Stored data:
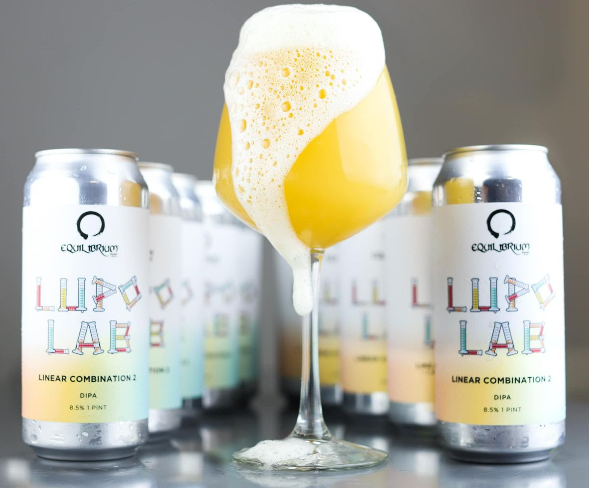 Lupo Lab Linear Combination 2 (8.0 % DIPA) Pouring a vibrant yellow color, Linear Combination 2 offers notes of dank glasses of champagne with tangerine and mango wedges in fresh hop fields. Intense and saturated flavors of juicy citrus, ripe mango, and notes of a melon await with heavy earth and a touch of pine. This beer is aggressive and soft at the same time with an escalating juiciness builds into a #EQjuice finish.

...

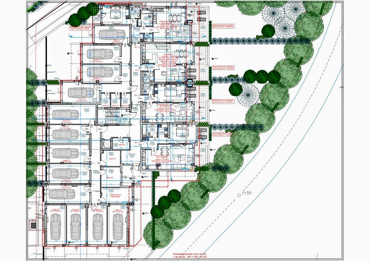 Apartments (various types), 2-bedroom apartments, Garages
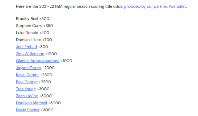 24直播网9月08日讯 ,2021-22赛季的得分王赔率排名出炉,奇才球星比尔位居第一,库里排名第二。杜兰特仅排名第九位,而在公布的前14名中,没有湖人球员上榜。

---

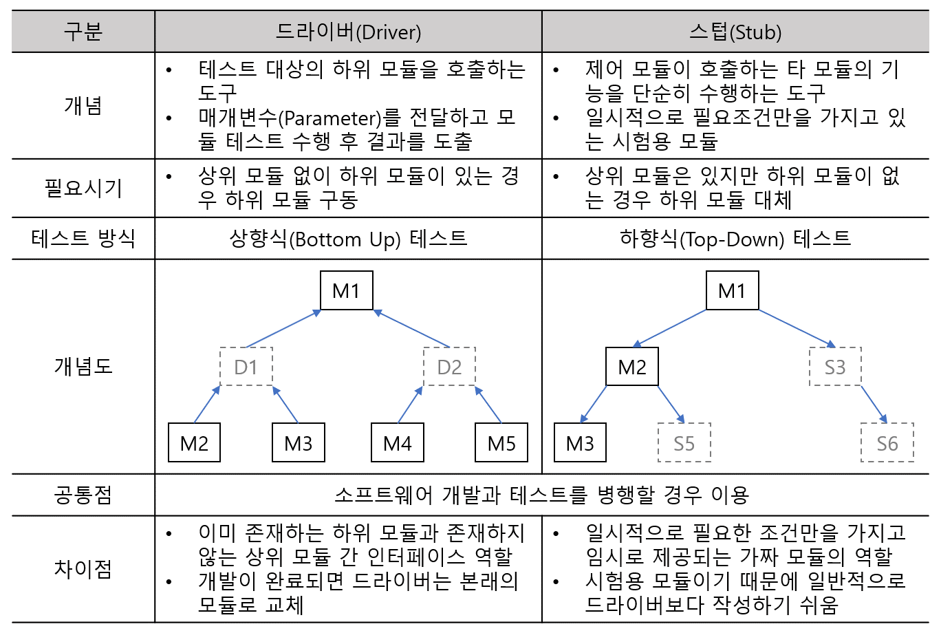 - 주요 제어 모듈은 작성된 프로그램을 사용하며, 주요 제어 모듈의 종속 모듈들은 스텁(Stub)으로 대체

Work task: Your reply is to be an exact repeat of the listing above from the line holding "Apartments (various types), 2-bedroom" down to the line holding "24直播网9月08日讯 ,2", ends included, pictures excluded.

Answer space:
 Apartments (various types), 2-bedroom apartments, Garages
 24直播网9月08日讯 ,2021-22赛季的得分王赔率排名出炉,奇才球星比尔位居第一,库里排名第二。杜兰特仅排名第九位,而在公布的前14名中,没有湖人球员上榜。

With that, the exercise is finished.